No Dice or intersection-over-union (IoU) metrics are reported, as evaluation is conducted at patch—not pixel—resolution. The high average precision and strong cell count correlations suggest near-perfect patch-level discrimination.

6. Qualitative Characteristics and Error Modes

Analysis of representative tiles (Figure \ref{fig:episeg_gt_pred}) indicates that EpiSeg reliably identifies epithelial regions, including bands, crypt edges, and glandular structures. Notable failure modes:

• Boundary artefacts: Errors occur if epithelium traverses patch corners and the dominant patch embedding derives from stroma, resulting in underprediction.
• Small epithelial islands: Isolated glands occupying only a partial patch area may be missed, as patch-level labeling is based on proportional overlap.

These misclassifications have negligible impact on downstream cellular density calculations because most epithelial compartments span multiple patches substantially.
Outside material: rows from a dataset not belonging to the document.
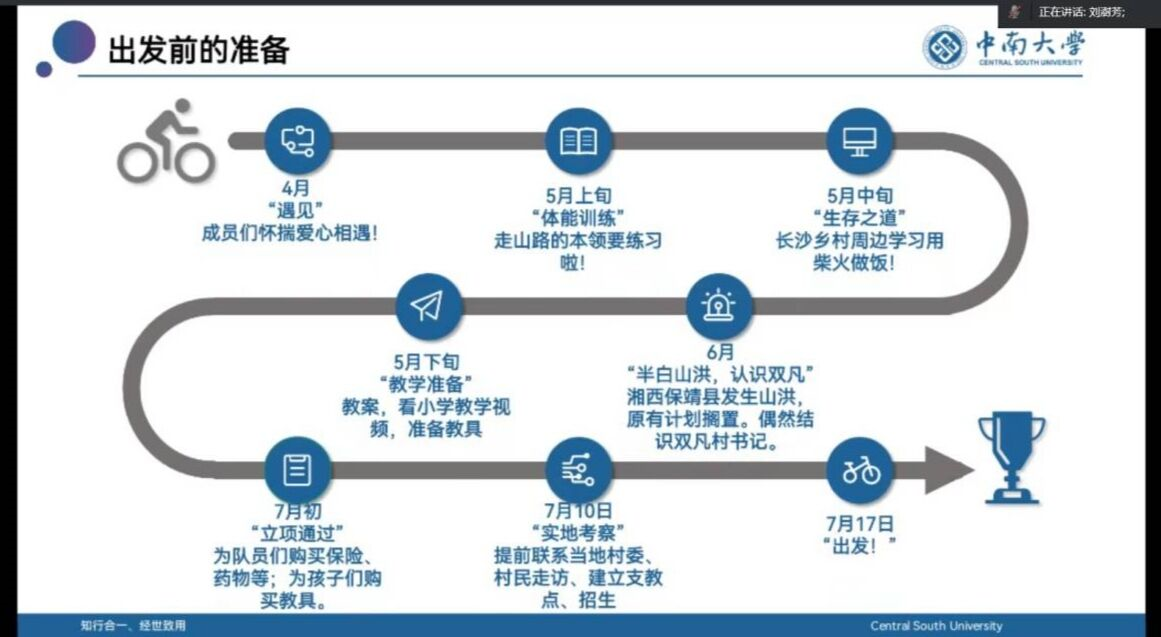 7月8日晚20:00,为落实暑期社会实践相关要求,助力同学们在社会实践中长才干、增本领,出成果,交通运输工程学院以线上形式顺利举办2022年暑期社会实践行前培训会。交通院团委副书记张健老师、郑繁简老师和交通院各暑期社会实践团队参加了本次会议。会议邀请了2021年中南大学赴株洲攸县双凡村志愿支教团队长刘澍芳同学、交通院新闻宣传中心记者团部长李欣语同学分别分享了实践、宣传心得与经验。本次会议由苏文心同学主持。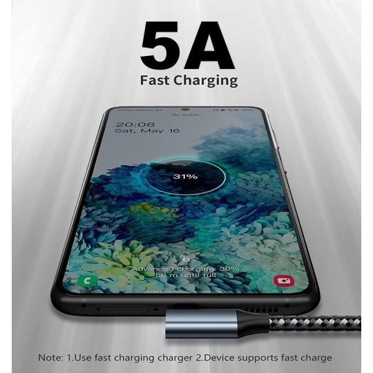 - Kábel je vybavený E-Mark čipom – riadiacou elektronikou, ktorá zabezpečuje komunikáciu pripojených zariadení. Takto je možné jednoduchšie dosiahnuť maximálnu možnú rýchlosť prenosu dát a nabíjania.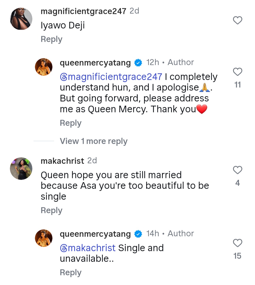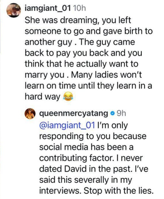 Queen Mercy Atang has reacted for the for the first time to rumours of her dating history with estranged David Oyekanmi. When Mercy married David Oyekanmi in 2024, shortly after welcoming a child with content creator Lord Lamba, there were reports claiming David was her ex but she left him, only to return to him after being ignored by her baby daddy. Now, with Mercy announcing that she and David’s marriage is over, fans told her that David came back to marry her only to get back at her for dumping him previously.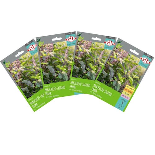 Descrição * Nome Científico: Ocimum tenuiflorum L. * O manjericão é uma das ervas mais fáceis de cultivar na horta. * Podemos plantar em vasos, floreiras e também no solo.* Em meio aos canteiros ou formando um efeito de bordadura ao redor dos cultivos principais. * O manjericão sagrado, é uma planta aromática e com folhas de coloração verde-claras. * Atinge 30-60 cm de altura e suas flores são usadas para fins medicinais.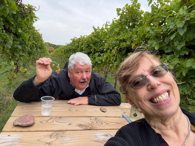Jason packed up lunch for us and added more wine to our collection in his vehicle. We drove longer this time to the Michigan Wine Company. We had a table in the vines, where we even picked a small bunch of grapes. They bring you wine in small stemless glasses. The 2024 Noir-Yay!, a sparkling red, was terrific. Other sparkling wines were one-dimensional in flavor, but this one had a bright red finish that made it stand out. There, the whites, I am afraid, were uninteresting, but we were on our fourth vineyard, I was sloshed, and we likely did not fairly judge them. So I would suggest, dear readers, you ignore my rating of the Michigan Wine Company and try it. The 2022 Petite Foch should have stood out for me, but was eclipsed by Veritas Estate’s heavy yet excellent reds. Deborah loved the Plum Cider and got some to take home. It was excellent. Recommended and in short supply, we were told.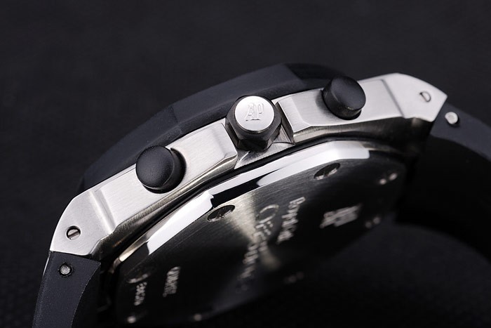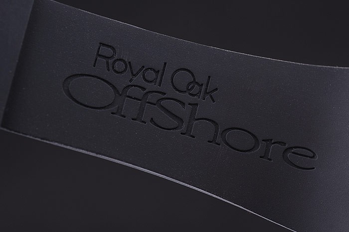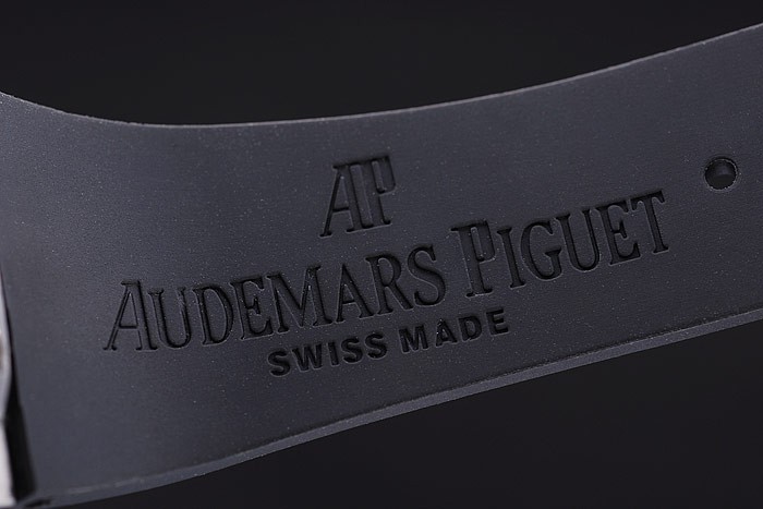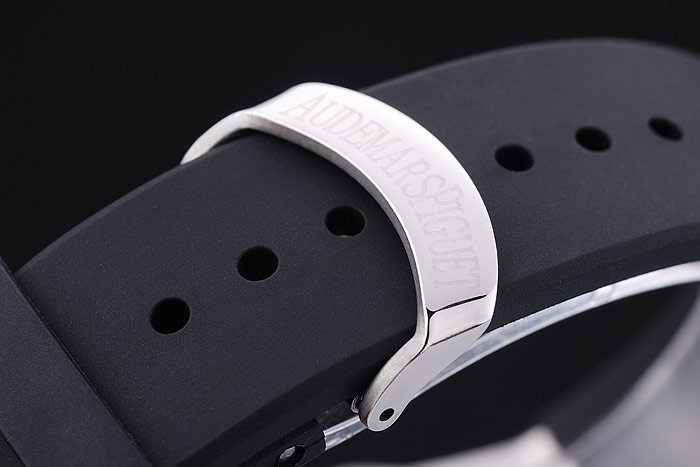 Armbånd: Sort Gummibånd med varmeprægede Audemars Piguet Royal Oak Offshore Stempel og et Audemars Piguet Indskrevet rustfrit stål Flip-over kroge lås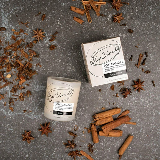 Chai Latte – warming scent of sweet vanilla, cinnamon and nutmeg from chair spices left over used to make Chai Syrups.
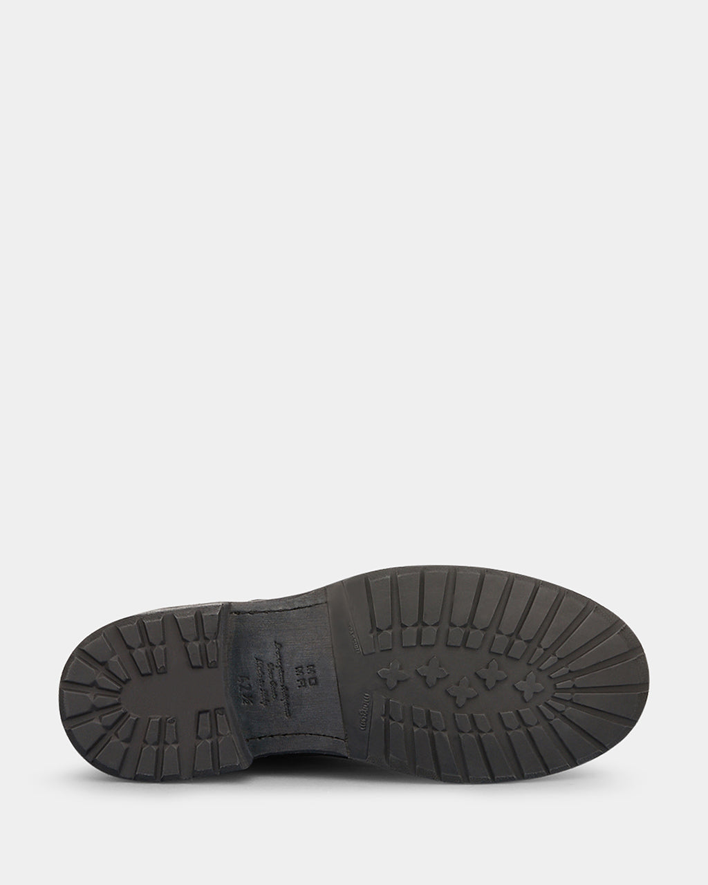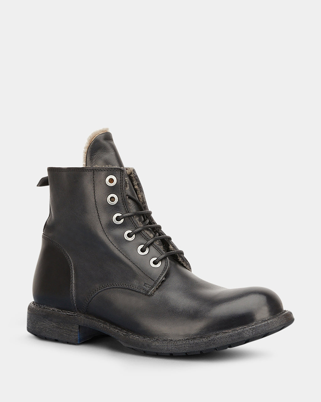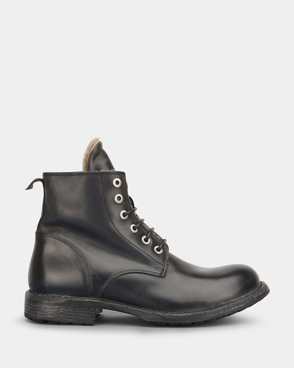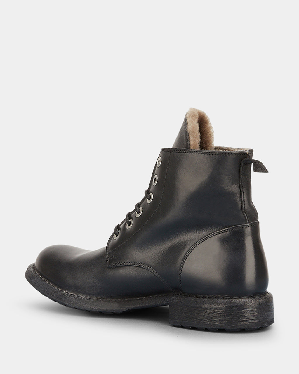 Tronchetti MOMA in pelle "effetto vintage". Modello con punta tonda, fodera in montone e suola in cuoio con inserto antiscivolo in gomma. 2CW007-CEM.

7. Downstream Integration and Interpretability in IMILIA

EpiSeg's 73 × 73 patch-level segmentation mask is upsampled and cropped to align with the original 224 × 224 Chowder tile region, producing a binary epithelial mask per tile. Cellular centroids predicted by HistoPLUS are spatially intersected with the epithelium mask to compute compartmentalized cell densities:

$$\rho^c = \frac{\sum_{k=1}^{N^c} \mathbf{1}(c_k \in \text{epithelium})}{\sum_{(x,y)} E(x, y) \times \text{mpp}_x \times \text{mpp}_y}$$

where $\rho^c$ is the density of cell type $c$, $N^c$ is the number of detected cells of type $c$, $E(x, y)$ is the binarized epithelium mask, and $\text{mpp}_x$, $\text{mpp}_y$ are the microns-per-pixel scaling factors. This enables computation of biologically grounded tissue markers, such as "neutrophils per µm² of epithelium," instrumental for linking machine-learning predictions to pathophysiological processes in IBD. For example, neutrophil density is markedly higher in regions of high predicted inflammation ("max" tiles), consistent with established histopathological criteria. The seamless integration of EpiSeg within IMILIA enables the identification of interpretable, localized cellular phenomena that drive the MIL model's annotations (Baiocco-Rodrigues et al., 15 Dec 2025).